There were 9,738 housing units, of which 5.2% were vacant. The homeowner vacancy rate was 1.8% and the rental vacancy rate was 7.5%.

Racial composition as of the 2020 census
| Race | Number | Percent |
|---|---|---|
| White | 18,170 | 77.6% |
| Black or African American | 925 | 3.9% |
| American Indian and Alaska Native | 41 | 0.2% |
| Asian | 730 | 3.1% |
| Native Hawaiian and Other Pacific Islander | 11 | 0.0% |
| Some other race | 745 | 3.2% |
| Two or more races | 2,806 | 12.0% |
| Hispanic or Latino (of any race) | 3,418 | 14.6% |

===2010 census===

As of the census of 2010, there were 21,998 people, 8,677 households, and 6,379 families residing in the CDP.

===2000 census===

In 2000, the population density was 1,035.4/km^{2} (2,681.2/mi^{2}). There were 9,413 housing units at an average density of 407.7/km^{2} (1,055.7/mi^{2}). The racial makeup of the CDP was 90.9% White, 2.7% African American, 0.1% Native American, 2.9% Asian, 0.0% Pacific Islander, 1.3% from other races, and 2.1% from two or more races. Hispanic or Latino of any race were 9.7% of the population.

In 2000, there were 8,825 households, out of which 36.4% had children under the age of 18 living with them, 66.8% were married couples living together, 7.5% had a female householder with no husband present, and 23.5% were non-families. 19.3% of all households were made up of individuals, and 6.5% had someone living alone who was 65 years of age or older. The average household size was 2.62 and the average family size was 3.02.

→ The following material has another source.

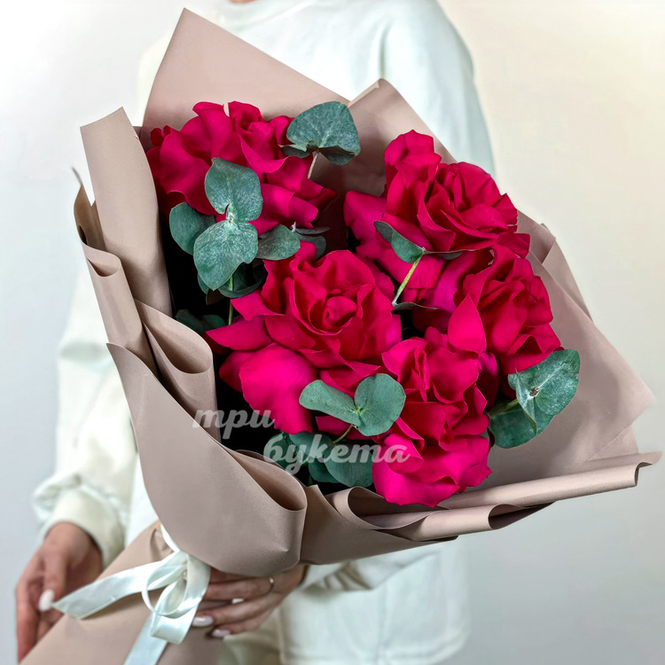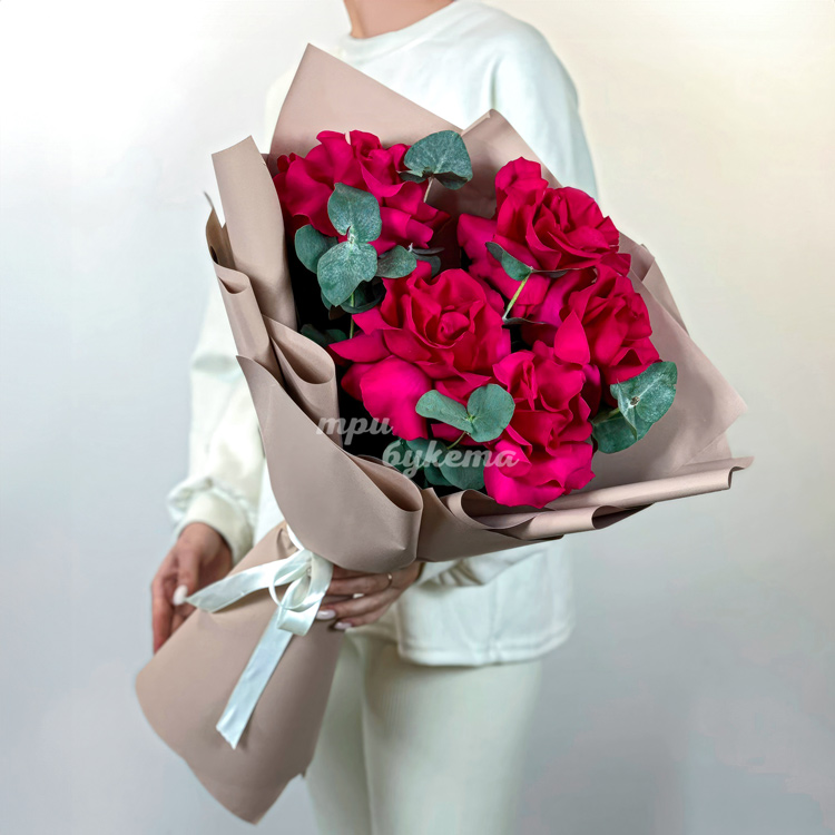 Букет из 5 розовых французских роз

In 2000, the CDP the population was spread out, with 25.4% under the age of 18, 5.4% from 18 to 24, 25.8% from 25 to 44, 31.6% from 45 to 64, and 11.7% who were 65 years of age or older. The median age was 42 years. For every 100 females, there were 94.9 males. For every 100 females age 18 and over, there were 92.1 males.

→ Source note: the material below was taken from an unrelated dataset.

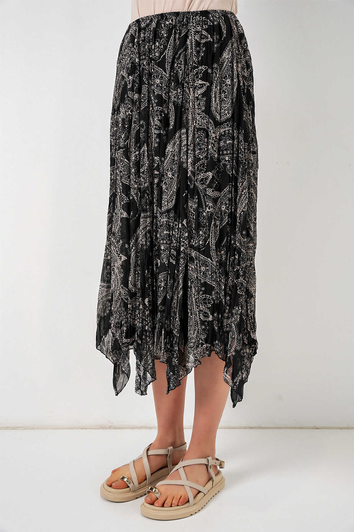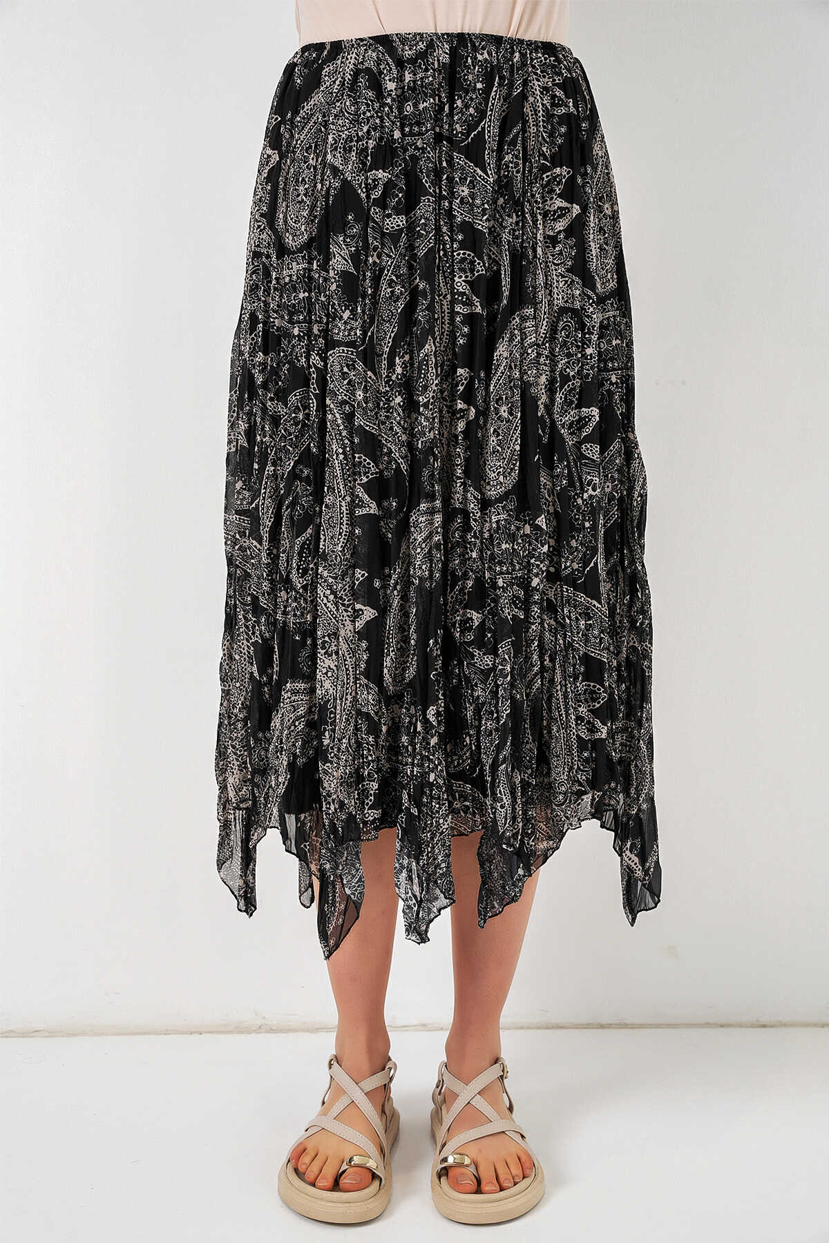 Kadin Asimetrik Tül Sifon Etek 8061ÜRÜNÜMÜZ ASTARLIDIR.BELI LASTIKLIDIR.

The median income for a household in the CDP was $71,839, and the median income for a family was $78,495. Males had a median income of $61,713 versus $37,285 for females. The per capita income for the CDP was $36,196. About 1.6% of families and 2.6% of the population were below the poverty line, including 2.6% of those under age 18 and 1.0% of those age 65 or over.